Start by importing the relevant Python modules.

In [1]:
import gammalib
import ctools
import cscripts

Now set the CTADATA and CALDB environment variables. Please adjust the path below so that it points to the relevant location.

In [2]:
%env CTADATA=/project-data/cta/data/1dc
%env CALDB=/project-data/cta/data/1dc/caldb
env: CTADATA=/project-data/cta/data/1dc
env: CALDB=/project-data/cta/data/1dc/caldb

Now prepare a dataset that comprises the Galactic Centre observations that have been performed during the Galactic Plane Scan.

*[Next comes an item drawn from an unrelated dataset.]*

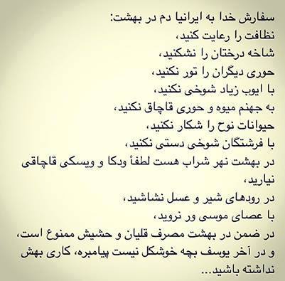 توکا نیستانی - برایِ جلبِ گردشگران خارجی طرح ارشاد توریستهای خارجی اعلام شد. به ایران سفر کنید و بازداشت شده و مهمانِ پلیس ارشادِ امرِ به معروف و نهیِ از منکر باشید! :-)

Start with selecting the observations.

In [3]:
obsselect = cscripts.csobsselect()
obsselect['inobs']     = '$CTADATA/obs/obs_gps_baseline.xml'
obsselect['pntselect'] = 'CIRCLE'
obsselect['coordsys']  = 'GAL'
obsselect['glon']      = 0.0
obsselect['glat']      = 0.0
obsselect['rad']       = 3.0
obsselect['tmin']      = 'NONE'
obsselect['tmax']      = 'NONE'
obsselect['outobs']    = 'obs.xml'
obsselect.execute()

Now select the events with energies comprised between 1 and 100 TeV from the observations.

In [4]:
select = ctools.ctselect()
select['inobs']   = 'obs.xml'
select['ra']      = 'NONE'
select['dec']     = 'NONE'
select['rad']     = 'NONE'
select['tmin']    = 'NONE'
select['tmax']    = 'NONE'
select['emin']    = 1.0
select['emax']    = 100.0
select['outobs']  = 'obs_selected.xml'
select.execute()

The next step is to stack the selected events into a counts cube.

In [5]:
binning = ctools.ctbin()
binning['inobs']    = 'obs_selected.xml'
binning['xref']     = 0.0
binning['yref']     = 0.0
binning['coordsys'] = 'GAL'
binning['proj']     = 'CAR'
binning['binsz']    = 0.02
binning['nxpix']    = 300
binning['nypix']    = 300
binning['ebinalg']  = 'LOG'
binning['emin']     = 1.0
binning['emax']     = 100.0
binning['enumbins'] = 20
binning['outobs']   = 'cntcube.fits'
binning.execute()

Now compute the corresponding stacked exposure cube, point spread function cube and background cube.

In [6]:
expcube = ctools.ctexpcube()
expcube['inobs']   = 'obs_selected.xml'
expcube['incube']  = 'cntcube.fits'
expcube['outcube'] = 'expcube.fits'
expcube.execute()
In [7]:
psfcube = ctools.ctpsfcube()
psfcube['inobs']    = 'obs_selected.xml'
psfcube['incube']   = 'NONE'
psfcube['ebinalg']  = 'LOG'
psfcube['emin']     = 1.0
psfcube['emax']     = 100.0
psfcube['enumbins'] = 20
psfcube['nxpix']    = 10
psfcube['nypix']    = 10
psfcube['binsz']    = 1.0
psfcube['coordsys'] = 'GAL'
psfcube['proj']     = 'CAR'
psfcube['xref']     = 0.0
psfcube['yref']     = 0.0
psfcube['outcube']  = 'psfcube.fits'
psfcube.execute()
In [8]:
bkgcube = ctools.ctbkgcube()
bkgcube['inobs']    = 'obs_selected.xml'
bkgcube['inmodel']  = '$CTOOLS/share/models/bkg_irf.xml'
bkgcube['incube']   = 'cntcube.fits'
bkgcube['outcube']  = 'bkgcube.fits'
bkgcube['outmodel'] = 'bkgcube.xml'
bkgcube.execute()

Now you are done. All data structures are prepared for the following tutorials.